In the vote for or against the nomination of Watanabe Hiroshi to become the Vice Governor of the Bank of Japan, the Democratic Party of Japan had three of its members defy the party by giving "yes" votes to the nomination:
Watanabe Hiroshi, a former Minister of Posts and Telecommunications (fat chance of him being a reformer)
Ōe Yasuhiro, a previously recognized traitor and
Fujiwara Masashi, a former Kansai Electric executive
all of whom are at-large proportional seat councillors--and thus players with constitutional fire.

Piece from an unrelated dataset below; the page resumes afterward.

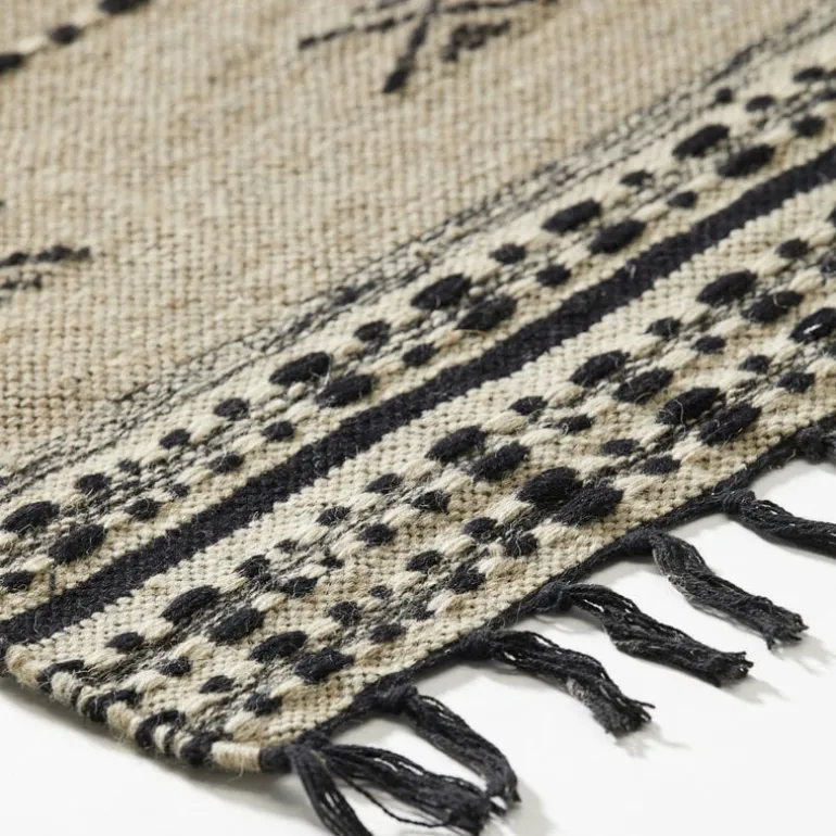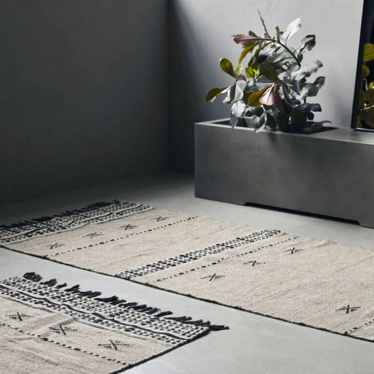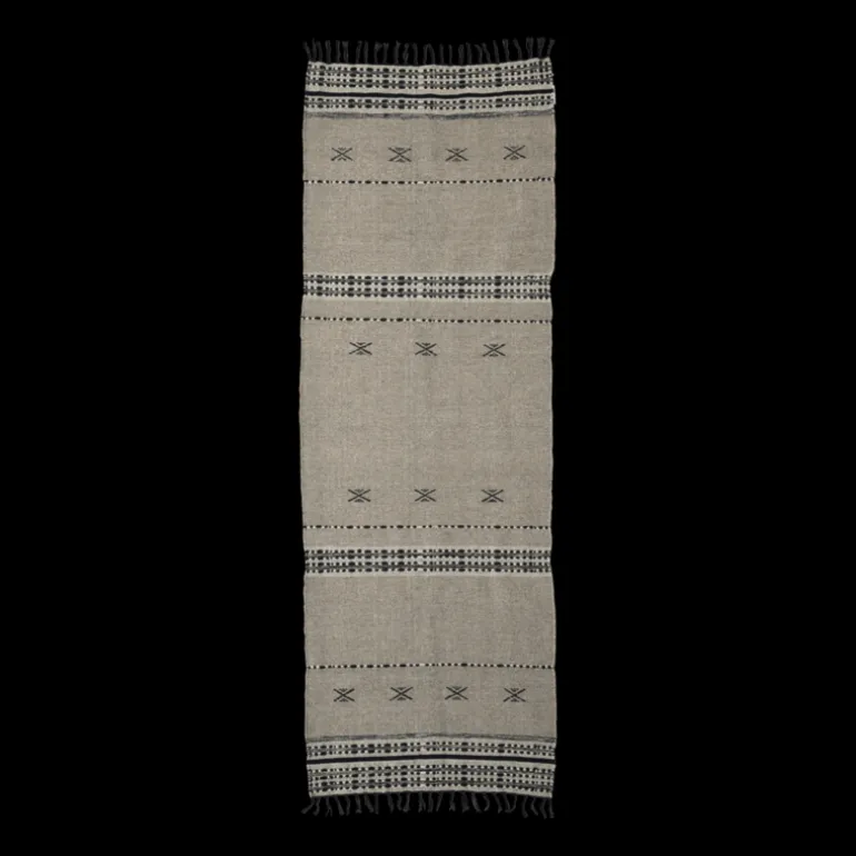 Prachtig House Doctor Cros vloerkleed. Dit zand kleurige vloerkleed is gemaakt van katoen en wol en heeft een afmeting van 300x90cm. Voorzien van een mooi patroon en aan beide zijden franjes.

Watanabe and Ōe are lost causes, incapable of of displaying respect for party discipline. They should have been canned by DPJ leader Ozawa Ichirō long ago. That they are troublemakers Ozawa himself brought into the party--both are former members of Ozawa's Liberal Party--makes their continued presence a black mark on Ozawa's leadership ledger.
A further two DPJ members abstained and three absented themselves (one of the absentees is actually a member of the DPJ-allied Shinryokufūkai) from the vote.

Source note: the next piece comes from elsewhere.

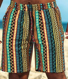 Férfi Mértani formák Etno Úszónadrágok Deszkás short Közepes csípő Utcai sikk Hawaii Hétköznapi Szabadság Tengerparti nyaralás Zseb Zsinór Rugalmas derék Tervező Ruházat

The various rebellious actions required DPJ floor managers to be a little more active than usual, as the DPJ leadership's margin of victory in the "Nay" vote narrowed to only 6 votes. In the case of the Mutō Toshirō rejection, the margin had been 23 votes; in the Tanami Kōji vote the margin had shrunk to just 13 votes.
DPJ Party Secretary General Hatoyama Yukio shrugged off the desertions as "One of those things that are bad but cannot be helped."
In a sense he is right--the defections by Watanabe, Ōe and Fujiwara in the end signified nothing. Indeed, the defections could be seen as an ruse, a means of giving the ruling LDP/Komeitō coalition a false hope that they are only a few votes short of winning back control of the House of Councillors--when in fact, they are a few votes short of winning back control of the House of Councillors.
Then again, Hatoyama may not be the person to be asking about his extra-party activities, especially today--as today marks the opening of the Hatoyama Juku, the school for aspiring politicians Yukio has co-founded with his brother, LDP member and Minister of Justice Hatoyama Kunio.